Written By: Jason Daley

We’re capturing the potential in a portfolio of new, more sustainable storage technologies.

Every year, renewable resources like wind and solar become a larger slice of the energy mix in the United States and across the world. But for those technologies to have maximum impact, we will need better ways to store their intermittently generated energy—so that regardless of whether you’re microwaving a midnight snack or tuning into the Super Bowl on a gloomy Sunday afternoon, you’ll have power anytime you want it.

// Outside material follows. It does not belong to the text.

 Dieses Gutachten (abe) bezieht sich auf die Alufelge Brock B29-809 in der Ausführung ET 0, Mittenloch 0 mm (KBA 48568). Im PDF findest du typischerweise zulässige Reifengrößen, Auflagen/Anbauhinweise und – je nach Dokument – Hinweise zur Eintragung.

Energy storage, however, comes in many sizes, shapes and forms. It will take a combination of high-tech batteries, pumped hydropower, electrochemically derived fuels and even some molten salt to make sure renewables continue to provide a stable, affordable electricity supply that can grow along with our energy future.

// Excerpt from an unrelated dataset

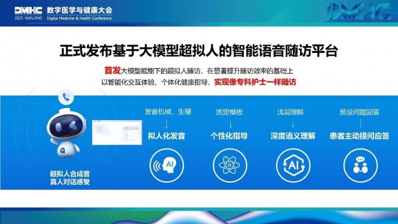 大会上,基于大模型的超拟人智能语音随访平台正式发布。该平台突破传统随访局限,其超拟人合成音技术带来真人对话般的自然体验,依托大模型的深度语义理解支持患者主动问答与智能应答,打破预设问题回答的局限,实现更精准的交互,可为患者提供动态个性化健康指导,标志着智能语音随访技术从功能化向拟人化的重要跨越。

“While deployment of those generation sources will continue to grow, the technical challenge has shifted to how to provide the energy when it is needed. Hence, energy storage,” explains Craig Turchi, program lead for the concentrating solar power program and the thermal energy science and technologies group manager at the National Renewable Energy Laboratory, in Golden, Colorado. “While most folks immediately think about batteries—and those play a major role—their modular nature make them best suited for smaller deployments and shorter durations. Much research is now on how to provide long-duration energy storage, greater than 10 hours, for the electric grid.”

Breaking up with lithium

Mike Wagner, an assistant professor of mechanical engineering at UW-Madison who works on energy system modeling and energy storage optimization, says it’s likely that energy storage will develop in two phases. Currently, wind and solar power are expanding at a rapid rate and are expected to produce about one-third of the world’s electricity by 2030. For the most part, these projects will be paired with large lithium-ion batteries (the same technology found in most electric cars and laptops), which will allow them to store energy for a few hours and feed it to the grid during periods of high demand.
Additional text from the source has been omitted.